When Christians met in each other’s homes for prayer or Bible study, they had to be careful. Such gatherings were illegal, and the organizers never knew who might inform the authorities.
Although that sounds like a scene from the Soviet Union, it actually describes the situation in California under COVID-19 regulations that the Supreme Court blocked last Friday. By issuing an injunction against Gov. Gavin Newsom’s restrictions, the Court reaffirmed that politicians must comply with the Constitution when they decide how to deal with an epidemic.
The main rule at issue in this case limited at-home religious gatherings, whether inside or outside, to people from no more than three households. If two people from different households joined a host for a prayer meeting or Bible study session, for example, no one else was allowed to come.
As the petitioners noted, that limit “does not permit an individual to gather with others in her own backyard to study the Bible, pray, or worship with members of more than two other households, all of which are common (and deeply important) practices of millions of contemporary Christians in the United States.” Meanwhile, California was allowing much larger groups to gather in other settings: inside of stores, barbershops, nail salons, tattoo parlors, movie studios, and (in some counties) restaurants, for example, or outdoors at restaurants, wineries, gyms, movie theaters, zoos, museums, sporting events, concerts, political demonstrations, weddings, and funerals.
The upshot was that Californians could “sit for a haircut with 10 other people in a barbershop, eat in a half-full restaurant (with members of 20 different families), or ride with 15 other people on a city bus.” But they were not allowed to “host three people from different households for a Bible study indoors or in their backyards.”
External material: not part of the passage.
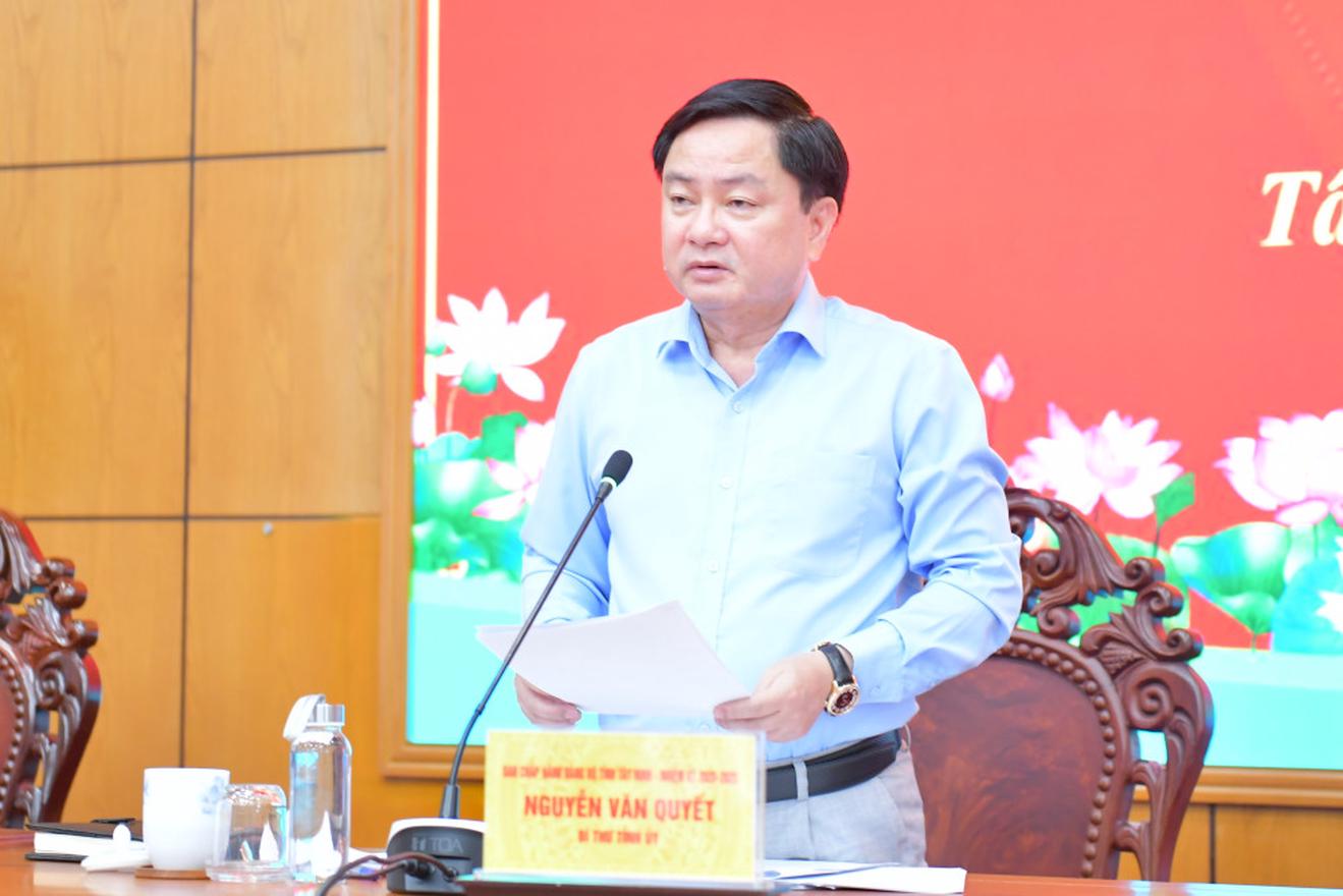 Bí thư Tỉnh ủy Tây Ninh Nguyễn Văn Quyết phát biểu tại hội nghị. Ảnh: baolongan.vn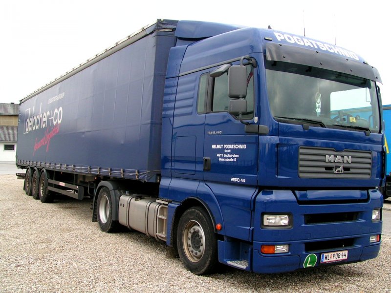 MAN-TGA18.440 mit Auflieger einer Vorarlberger Speditionsfirma; 080323

Justice Elena Kagan, who objected to the Supreme Court’s injunction in a dissent joined by Justices Stephen Breyer and Sonia Sotomayor, argued that California’s regulations did not implicate the First Amendment because they were neutral and generally applicable. The state “has adopted a blanket restriction on at-home gatherings of all kinds, religious and secular alike,” she noted.
The petitioners argued that Newsom’s rules nevertheless amounted to “a subtle but unmistakable religious gerrymander.” Five justices were inclined to agree, saying the plaintiffs were likely to prevail in their claim that the restrictions on private religious meetings violated the First Amendment.
This is not the first time that the Court has called attention to the impact of COVID-19 control measures on religious freedom. It blocked enforcement of New York Gov. Andrew Cuomo’s onerous restrictions on “houses of worship” last November, vacated a decision upholding Colorado’s limits on religious services in December, and reached similar conclusions in four cases involving state and local regulations in California two months later.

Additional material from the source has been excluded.